I used this same setup on a similar style bed many years ago and it is still
If the sideboards are thin (< 1" or narrow < 6") then a bedbolt would be
Thanks. I noticed that great idea in another post as well; one of
those, "Why didn't I think of that?". I've used a similar idea in the
past myself, but never thought of it. I'll be tackling a bed in the
near future, and appreciate all of the good ideas presented here. My
inclination now is possibly a combination of ideas. That might
require just a very little more effort in assembly. I'll see what I
come up with, and if it's good enough will bring back here for
scrutiny. It might be a while though since I'm temporarily forced to
avoid dust for a month or two.
I used a completely hidden system that is rock solid on the craftsman bed
that I made. Plans are in Jeff Miller's book 'Beds'. Basically, you cut a
shallow mortise into the outside of each leg (where your bolt hole cover
would normally go) and drop in a square nut. The nut should be flush with
the outside of the bed leg. Extend that hole for the bolt througth the leg
and into the bed rail. The bolt then drops into a long shallow mortise on
the inside of each rail, then pushes into the hole extending to the outside
of the leg (to picture this, think of loading a bolt-action rifle). The nut
on the outside of the leg is covered by the 'wings'. Be sure that when you
attach the rails, the thread from the bolt doesn't extend past the nut, or
it will snap the wing right off.
Clear as mud?
I have used bed bolts for 20 years with as yet no problems whatsoever . In
my opinion the longer the bolts are the better as the tendancy to shear out
along the grain is lessened [although I have never experienced that
I get my reproduction hardware from horton brasses ,cromwell conn . I find
this quality first class and their service fast and friendly .i enclose a
link for your convenience
....http://www.horton-brasses.com/products/bedhardware . .....mjh
I don't like the hardware you've used either. I would go with the bed
bolts you've shown. They are very solid and can be tightened as
needed. One per joint is all that is needed. If you haven't already,
you will need to have a shallow M&T joint made in order to prevent the
rail from twisting. I'm using the same bed bolts on a current project
Great, thanks for the input Mike, Leon, Joe C, Mike n, Toolguy and Joe
W. Good ideas, info and new sources. I hadn't consided the necessity
of a mortis/tenon to prevent twisting. Couple of dowels should do it.

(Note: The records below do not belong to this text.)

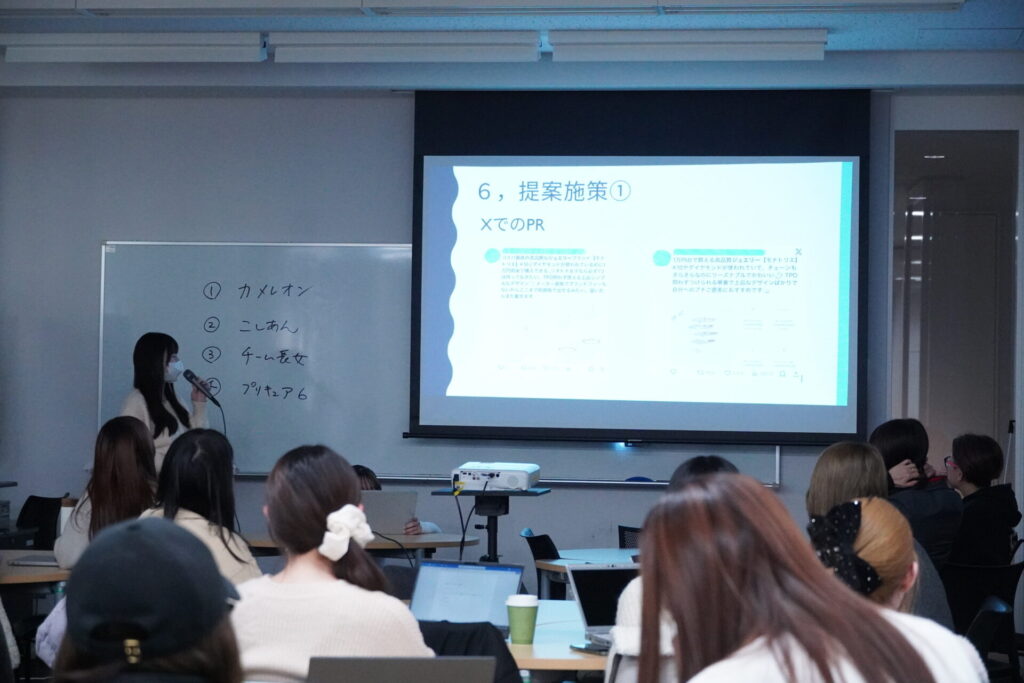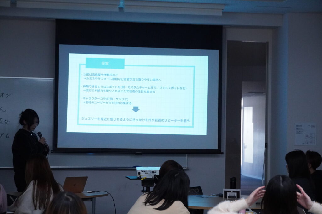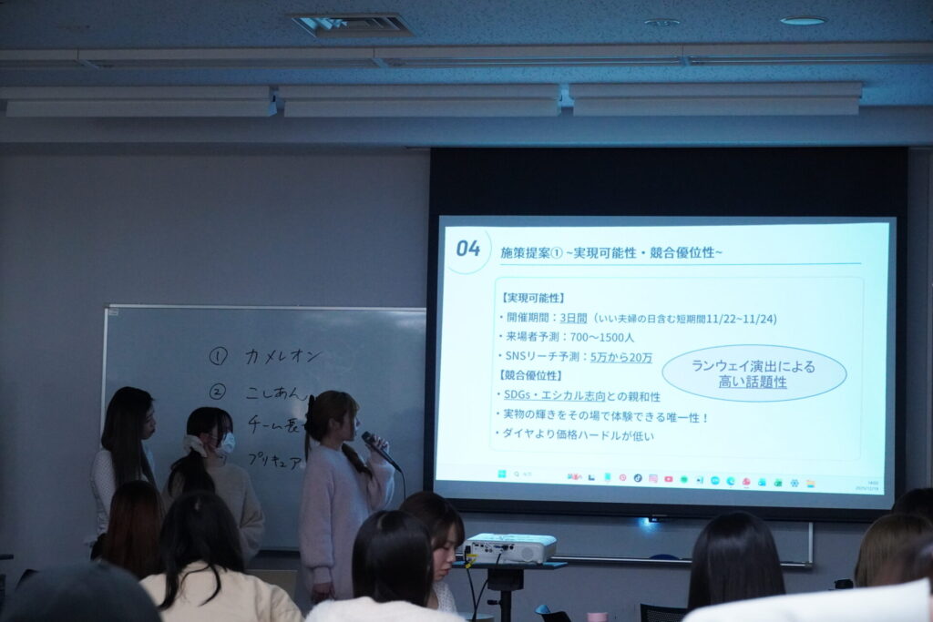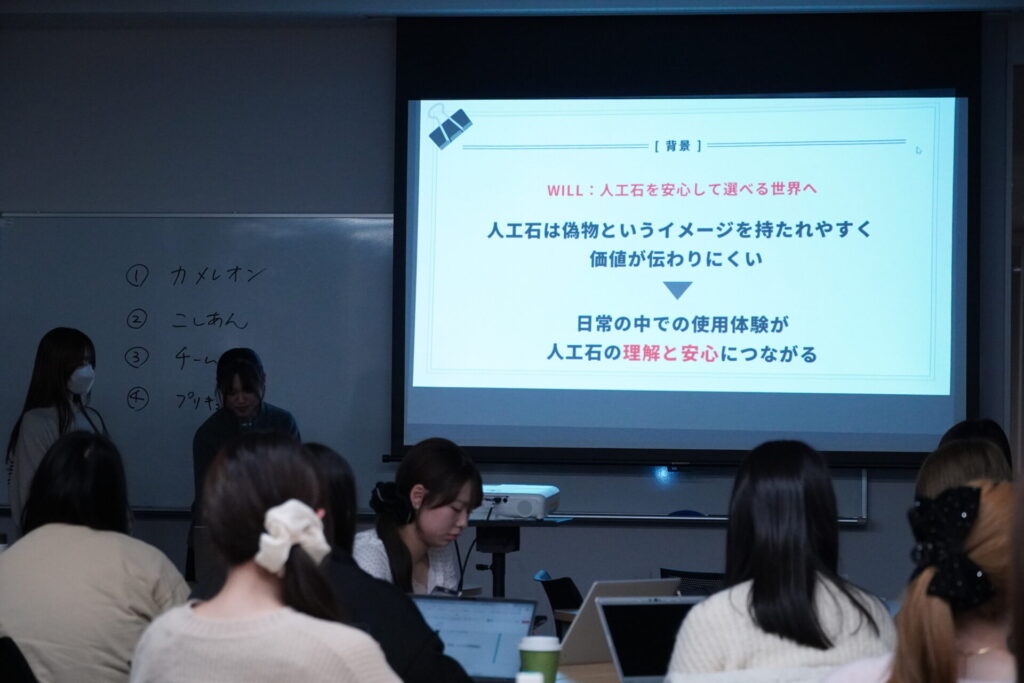 「実践デザインラボⅠ」(担当:人間社会学部社会デザイン学科 標葉 靖子教授)の授業で、12月19日に株式会社Brillar(ブリジャール)との特別コラボ授業が行われました。この日は1か月前に出された課題に対するプレゼンテーション。テーマは「人工石の指輪をひとつのライフスタイルや自己表現として広めるための具体的な施策を考える」です。学生たちはグループワークを経て発表に臨みました。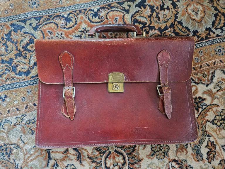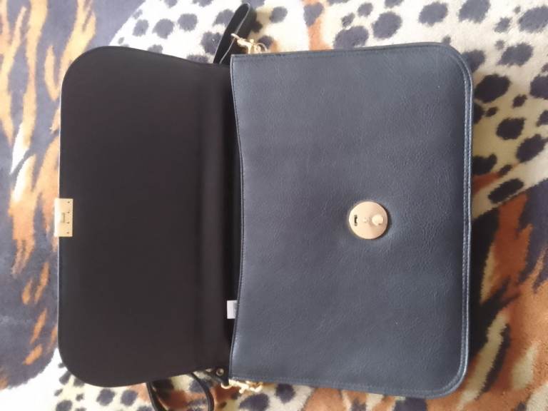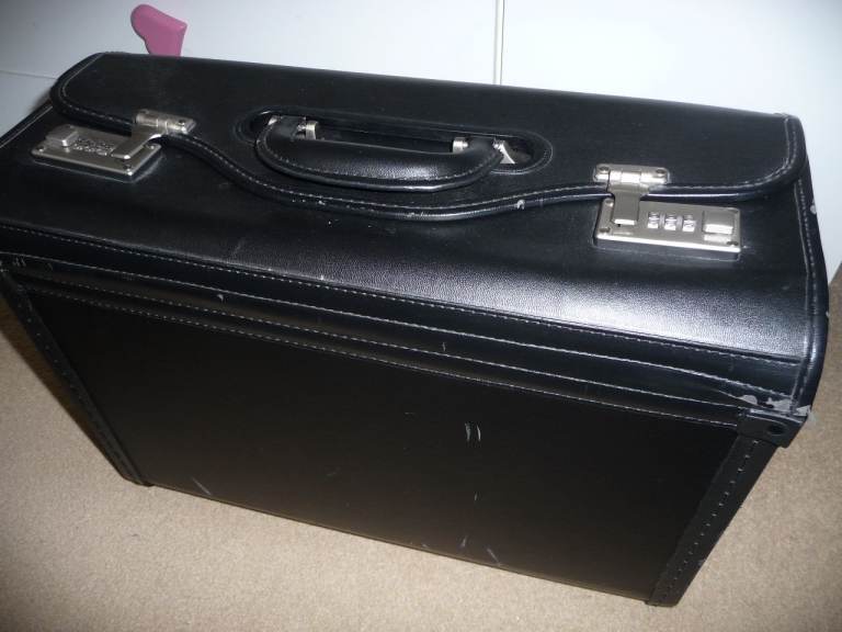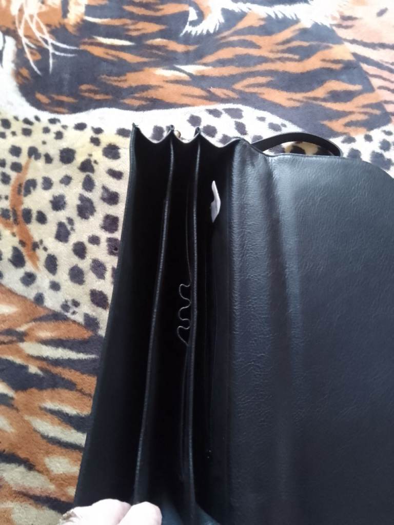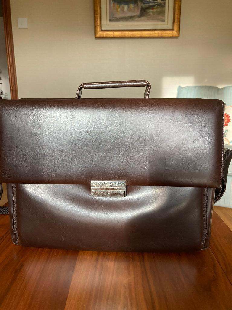Black Faux Leather Ladies Briefcase/Bag, with carry handle and detachable shoulder strap. 3 sections, internal zip pocket area, place for 3 pens. Never used, very good condition. It is a St. Michaels (M & S) bag.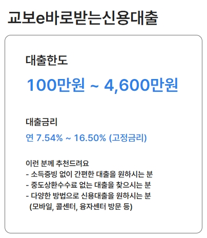 교보생명의 보험계약자 중 소득증빙이 가능한 고객을 위한 대출 서비스입니다.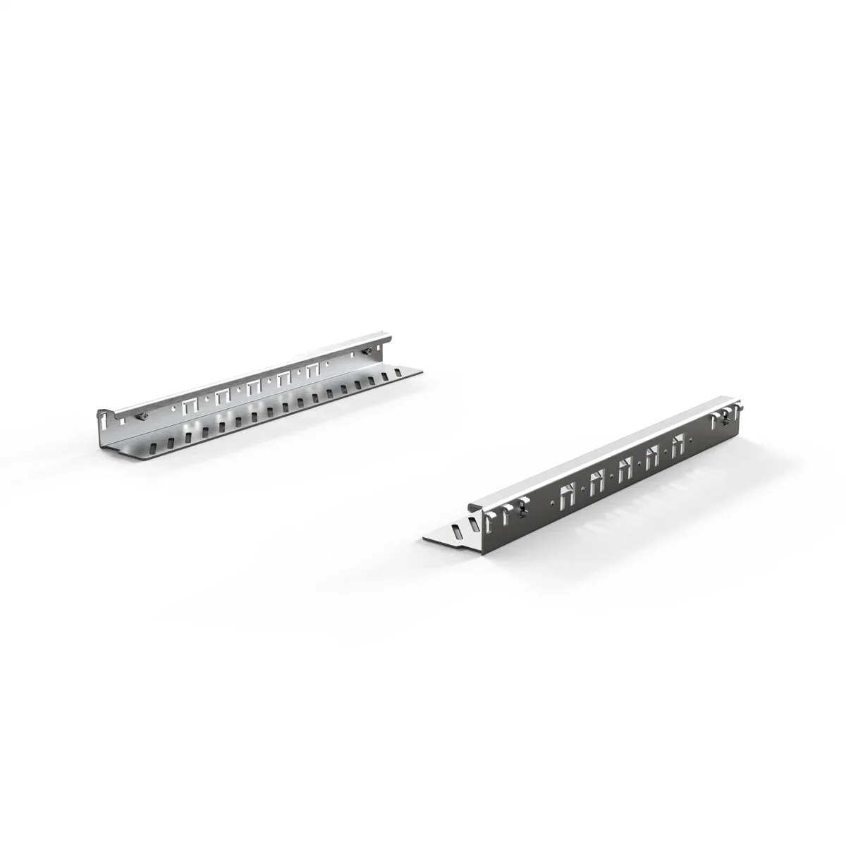 Zur Montage an 19"-Winkelprofilen - In 1 HE Schritten montierbar (einhängen, anschrauben) - Breite Auflagefläche (48 mm) - Zwei Ausführungen: Statische Traglast 25 kg/Paar oder 100 kg/Paar

Aren't you in the Arkadelphia area?
If you ever get through Texarkana, you should stop at Oak Creek Amish
Furniture, just off of Hwy 67 South, a couple of miles SW of Texarkana.
The bed hardware their suppliers use is the sturdiest stuff I've ever
seen. Very heavy duty! I took note of the name shown on the hardware,
but Google didn't produce any hits.
I know that "Amish" describes the people who make it and the level of
craftsmanship, but I still get a chuckle out of the Amish entertainment
<Aren't you in the Arkadelphia area?>
Happily, no. Went to college there in the 60's and haven't been back
since. I'm a little bit less than slightly more than halfway between
here and there in the west central area.